----- STORED DATA

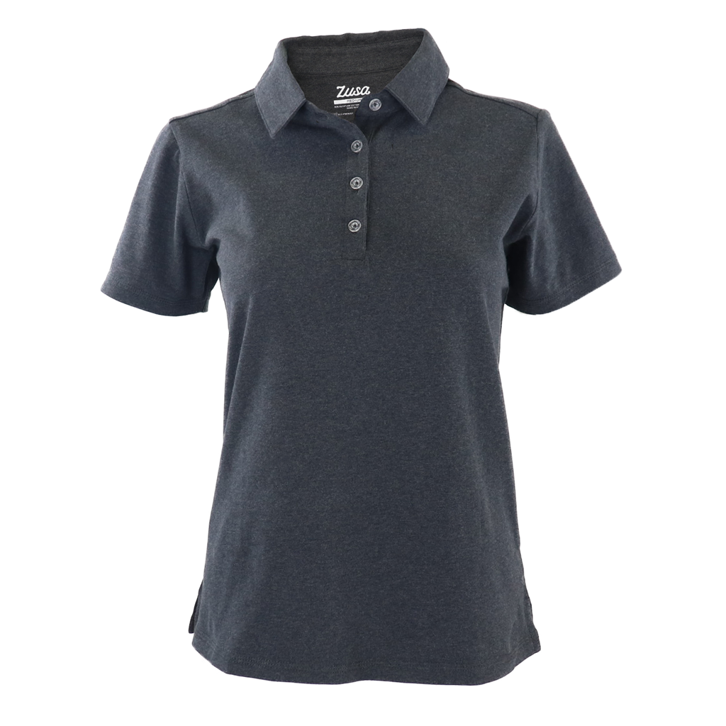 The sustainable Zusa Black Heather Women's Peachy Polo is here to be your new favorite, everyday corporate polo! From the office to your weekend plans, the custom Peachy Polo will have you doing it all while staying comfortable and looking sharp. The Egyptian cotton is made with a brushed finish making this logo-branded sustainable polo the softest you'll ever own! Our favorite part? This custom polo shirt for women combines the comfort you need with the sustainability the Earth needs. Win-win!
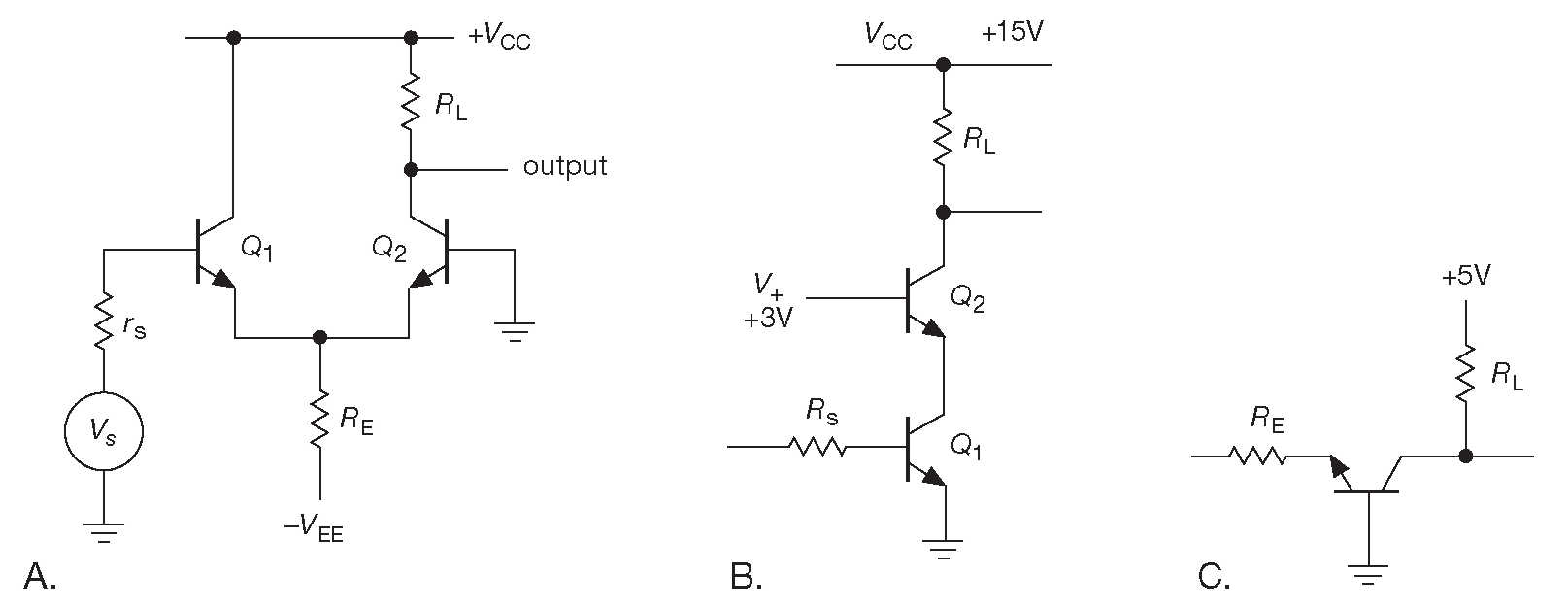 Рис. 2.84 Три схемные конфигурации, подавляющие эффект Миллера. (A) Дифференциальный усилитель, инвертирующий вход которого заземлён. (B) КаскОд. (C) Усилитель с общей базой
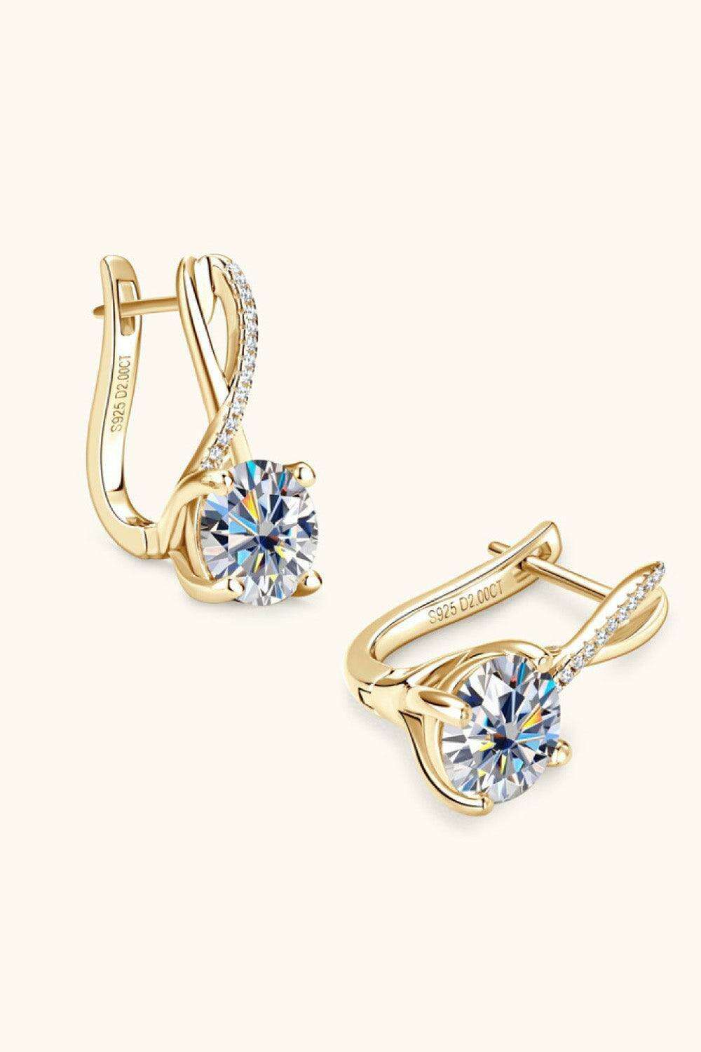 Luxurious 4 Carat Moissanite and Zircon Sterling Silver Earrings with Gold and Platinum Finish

----------

» **WHAT IS BEING ASKED**
Return exactly what appears from the opening line of the material through the line with "Рис. 2.84 Три", apart from the pictures.

» **EXERCISE ANSWER**
 The sustainable Zusa Black Heather Women's Peachy Polo is here to be your new favorite, everyday corporate polo! From the office to your weekend plans, the custom Peachy Polo will have you doing it all while staying comfortable and looking sharp. The Egyptian cotton is made with a brushed finish making this logo-branded sustainable polo the softest you'll ever own! Our favorite part? This custom polo shirt for women combines the comfort you need with the sustainability the Earth needs. Win-win!
 Рис. 2.84 Три схемные конфигурации, подавляющие эффект Миллера. (A) Дифференциальный усилитель, инвертирующий вход которого заземлён. (B) КаскОд. (C) Усилитель с общей базой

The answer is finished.